Keeping The Line Moving Is Moving

, , , , | Hopeless | May 20, 2018

(I am a manager at a popular discount store, known for being constantly understaffed and having ridiculously long lines. We also don’t have the nicest customers. I’ve had a lot of people quit for getting cussed and screamed at over things that were out of their control. It’s a Friday, and it’s already a s***show. Two cashiers called out, and another cashier had to leave in the middle of her shift for a family emergency, leaving one cashier and me to run the registers and get through a line of 50 to 60 people, and a fitting room attendant who is also swamped with people. A little old lady comes up to my register with two large and heavy dining sets.)

Old Woman: “I know it’s very busy, but do you think it would be possible to have someone bring these dishes to my car? I’m parked in the first row, so it’s not very far.”

(I bite my lip. Our shopping carts don’t go outside because they have a pole attached that stops them. Due to liability, employees aren’t allowed in the parking lot while on the clock, not even to help take purchases to a customer’s car. Not to mention, only three people are working in the store right now, so even if we could, one of us would have to hop off register to help, leaving only one cashier.)

Me: “Okay, ma’am… Unfortunately, we’re not allowed to step into the parking lot while on the clock. But if you would like to pull your car up to the curb, you can leave your cart here and I will watch it for you. One of us can hop off register and get it into your car for you.”

(The woman nods and accepts the help as-is. Then, a younger, male customer in line starts to push his way to the front of the line, abandoning his cart right in the middle.)

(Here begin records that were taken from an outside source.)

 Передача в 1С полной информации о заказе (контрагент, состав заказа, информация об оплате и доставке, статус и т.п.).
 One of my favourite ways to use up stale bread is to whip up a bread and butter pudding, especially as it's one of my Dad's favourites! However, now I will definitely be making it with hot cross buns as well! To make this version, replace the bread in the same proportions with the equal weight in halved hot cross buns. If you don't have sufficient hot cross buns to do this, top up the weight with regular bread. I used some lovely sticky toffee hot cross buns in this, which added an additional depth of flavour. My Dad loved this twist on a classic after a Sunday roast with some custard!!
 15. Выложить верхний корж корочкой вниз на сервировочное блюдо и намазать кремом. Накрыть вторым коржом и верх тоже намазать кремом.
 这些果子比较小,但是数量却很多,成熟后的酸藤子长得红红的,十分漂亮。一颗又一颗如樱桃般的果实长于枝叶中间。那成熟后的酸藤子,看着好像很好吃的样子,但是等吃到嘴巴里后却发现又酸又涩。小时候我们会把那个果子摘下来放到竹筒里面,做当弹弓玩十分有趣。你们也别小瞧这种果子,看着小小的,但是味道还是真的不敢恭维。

Male Customer: “Don’t worry about it, miss. I’ll help take her things to her car.”

Old Woman: “Oh, no, you don’t have to do that. You’ll lose your place in that line. I’m sure I can manage.”

Male Customer: “I’m in no hurry. I don’t mind waiting again.”

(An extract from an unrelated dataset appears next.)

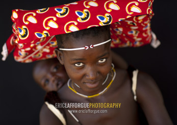 Mucubal Woman With Ompota Carrying Her Baby On Her Back, Virie Area, Angola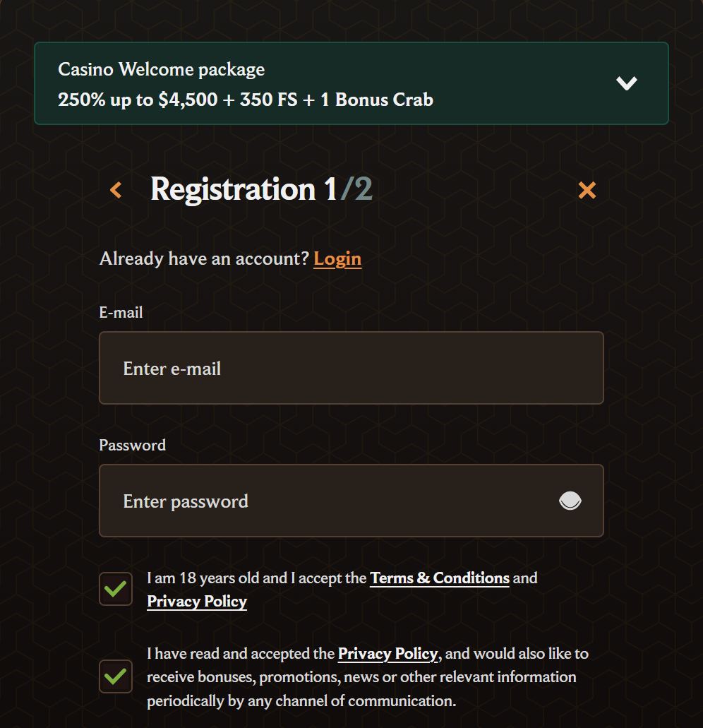 Step 5:Tick the box to confirm you are of legal age to gamble and accept the terms and conditions, privacy policy and verification policy, then click on Open Account.

(The male customer turns to address the line.)

Male Customer: “Y’all can just push my cart out of the line; I’ll come back for it later.”

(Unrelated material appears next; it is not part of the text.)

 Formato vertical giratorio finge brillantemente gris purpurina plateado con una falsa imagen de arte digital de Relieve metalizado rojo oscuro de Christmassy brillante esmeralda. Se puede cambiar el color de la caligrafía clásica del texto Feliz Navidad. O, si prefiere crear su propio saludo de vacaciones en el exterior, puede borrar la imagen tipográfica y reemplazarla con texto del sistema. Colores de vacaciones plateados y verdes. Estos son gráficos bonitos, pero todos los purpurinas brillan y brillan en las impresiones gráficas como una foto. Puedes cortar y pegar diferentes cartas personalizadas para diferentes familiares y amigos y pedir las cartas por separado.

(His cart is bordered by a middle-aged couple and a woman with her kid in a car seat. They all shake their heads.)

Middle-Aged Couple: “We’ll push your cart through the line. We’ll save your spot.”

Male Customer: “Are you sure? You don’t have to do that.”

Mom Customer: “Don’t worry about it. We’ve got you!”

(I thank the customer profusely for helping the old woman out so that neither I, nor my cashier, have to sacrifice the current speed of the line. He gives me a big smile.)

Male Customer: “My mama would have my throat if I didn’t help someone in need. Y’all just keep doing what you’re doing; you’re doing a great job!”

(The guy picked up both of the dish sets at the same time and walked them to the old woman’s car. While he was gone, his shopping cart skipped the entire line to the front, so when he got back, he was next to checkout. Just shows that sometimes there are very good and nice people in this world!)